Raitt, whose blues-soaked delivery gives the song the aching quality it deserves, said: ‘It’s such a tender way of expressing that sentiment of longing. It has all the different shadings of love and regret without being maudlin or obvious.’
The later collaboration between Raitt and the man she calls a songwriting Mark Twain was memorable too. Prine’s cadence remains distinctive despite a voice roughened by the ravages of cancer surgery but his range has always been restricted so Raitt’s contribution was welcome.
Prine, ever unassuming, was asked to explain his methodology by the Guardian: ‘As long as I’ve been writing, I have no idea what I’m doing. I’m always starting out brand new. I couldn’t say to anybody: “This is what you do to write a song.” I don’t know where they come from and I don’t know where they don’t come from.’
Whatever the wellspring of his genius, Prine is in the pantheon of influential storytellers with contemporaries such as Guy Clark, Willie Nelson, Prine’s late great friend Steve Goodman, Rodney Crowell and, holding his entry ticket in the line, James McMurtry, a stripling at 55.
Prine has become a torchbearer for the new generation of Americana troubadours such as Jason Isbell, Sturgill Simpson and Tom Snider. The latter told Rolling Stone: ‘His music is like Huckleberry Finn. You get it, then you listen to it five years later and you really get it. And you listen to it five years later and you go, “I get it!” And then 10 years later you go, “Now I get it”.’

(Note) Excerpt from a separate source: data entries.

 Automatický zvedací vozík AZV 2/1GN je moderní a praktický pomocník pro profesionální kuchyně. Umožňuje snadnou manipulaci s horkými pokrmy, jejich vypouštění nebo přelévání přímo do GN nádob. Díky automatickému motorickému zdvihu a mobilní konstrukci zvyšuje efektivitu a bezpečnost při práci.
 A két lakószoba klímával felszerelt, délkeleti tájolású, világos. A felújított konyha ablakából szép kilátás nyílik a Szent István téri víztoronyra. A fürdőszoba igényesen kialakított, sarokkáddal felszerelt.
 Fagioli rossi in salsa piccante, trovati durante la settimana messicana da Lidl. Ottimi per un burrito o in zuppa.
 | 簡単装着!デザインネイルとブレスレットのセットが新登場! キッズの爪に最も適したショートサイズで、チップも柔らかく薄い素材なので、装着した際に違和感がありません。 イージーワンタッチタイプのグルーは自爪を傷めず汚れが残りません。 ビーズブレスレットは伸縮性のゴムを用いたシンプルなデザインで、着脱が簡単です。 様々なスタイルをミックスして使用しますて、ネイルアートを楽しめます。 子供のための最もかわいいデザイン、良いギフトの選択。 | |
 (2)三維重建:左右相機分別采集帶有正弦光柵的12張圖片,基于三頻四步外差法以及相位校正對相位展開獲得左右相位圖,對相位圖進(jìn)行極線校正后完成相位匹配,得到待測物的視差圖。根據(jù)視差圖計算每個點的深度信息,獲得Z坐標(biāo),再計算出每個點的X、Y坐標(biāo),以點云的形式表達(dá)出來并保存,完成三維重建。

In September 2016, just before his 70th birthday, Prine reprised his first album at a small bluegrass club in Nashville, delighting the audience by playing each track in the same order with a small backing band. He even had to buy a vinyl copy of the album on eBay. There's a new song in there somewhere.

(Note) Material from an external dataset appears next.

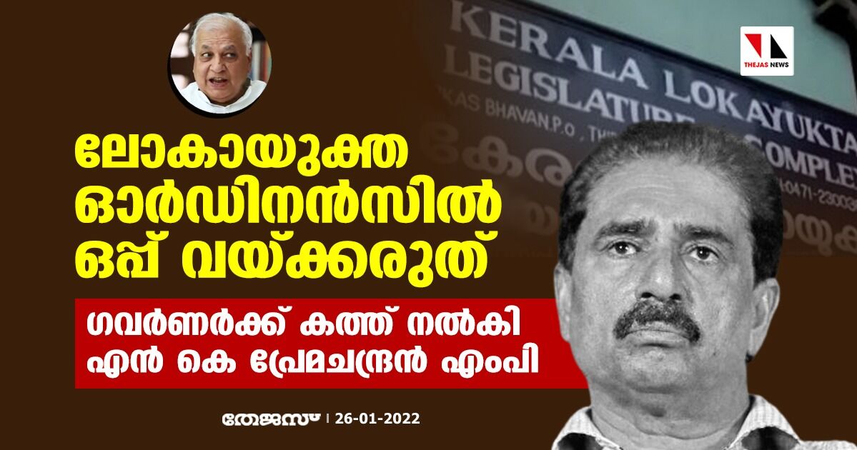 ലോകായുക്ത ഓര്ഡിനന്സില് ഒപ്പ് വെയ്ക്കരുത്; ഗവര്ണര്ക്ക് കത്ത് നല്കി എന് കെ പ്രേമചന്ദ്രന് എംപി
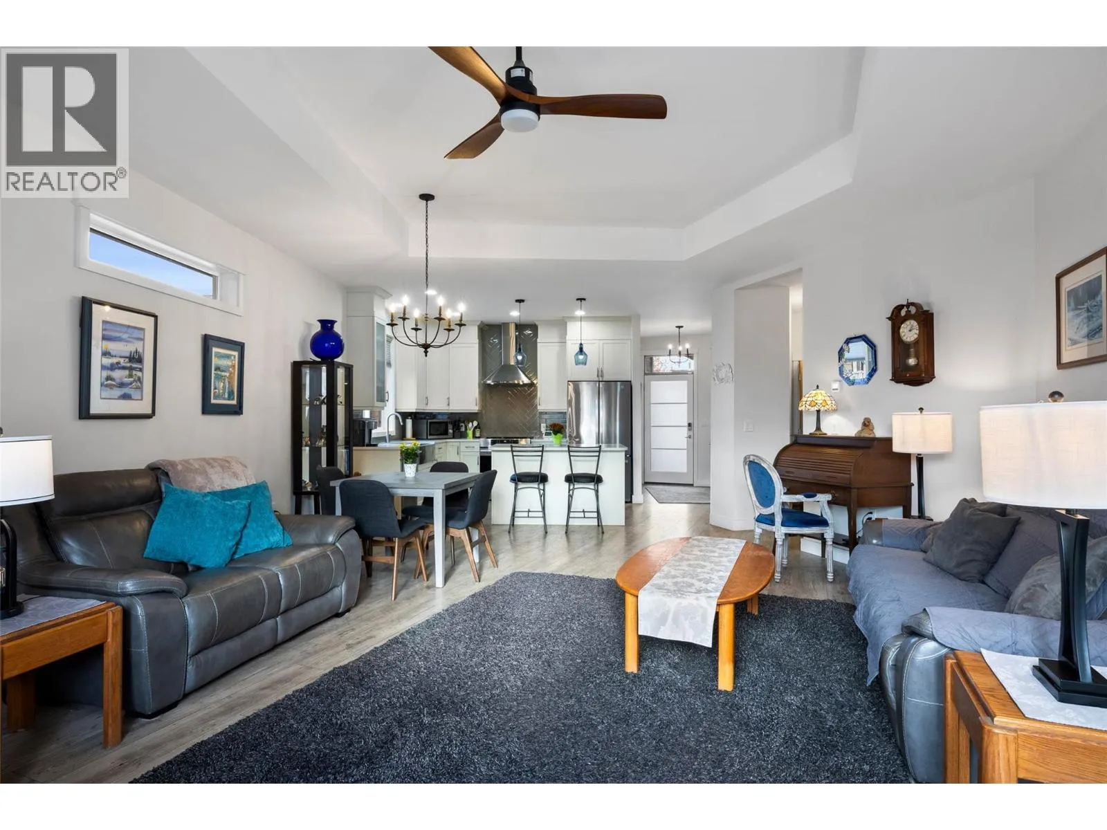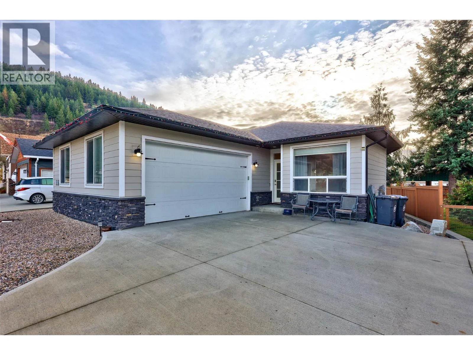 Bright and modern, this 10 year old true rancher was tastefully designed with dramatic features including a floor to ceiling tiled gas fireplace with chunky wood mantle and10 foot recessed tray ceiling in the living room. 9 foot ceilings throughout the rest of the home emphasize an airy, open flow. The kitchen boasts stainless steel appliances, an apron sink, stone countertops, eat up island and pantry. Easy care laminate flooring, with just over 1300 square feet, two bedrooms, two full bathrooms and a spacious laundry room, this homes makes a perfect starter or downsize! The ensuite provides ample space with a luxurious free standing bath tub and tile & glass shower, french doors off of the primary bedroom lead to a covered sun deck, overlooking your low maintenance, fully fenced backyard with storage shed. Offering an oversized garage with work bench, plenty of parking in the driveway and a 4 foot crawl space, there is room for all of your toys and more! Central air conditioning, RV parking, come have a look, this home has everything you need, located in the quiet community of Chase, BC., close to all amenities. (id:27476)

For Better, Or Worse, a collection of duets with female artists from Kacey Musgraves to Alison Krauss, has since been released, a John Prine Beyond Words songbook is due, and there is talk of a new album of original material, the first since Fair & Square in 2005. His life is quieter these days, long grounded after the wild years, but Prine may be about to embark on another prime.
His earlier duets LP, In Spite Of Ourselves in 1999, featured just one of his songs, the title track which he sang with Irish DeMent, but on For Better, Or Worse he covers country classics written exclusively by fellow songwriting greats from George Jones and Buck Owens to, who else, Hank. Prine plays the role of bystander or witness, the songs delivered from the woman’s perspective. Just like his own Angel From Montgomery 45 years earlier.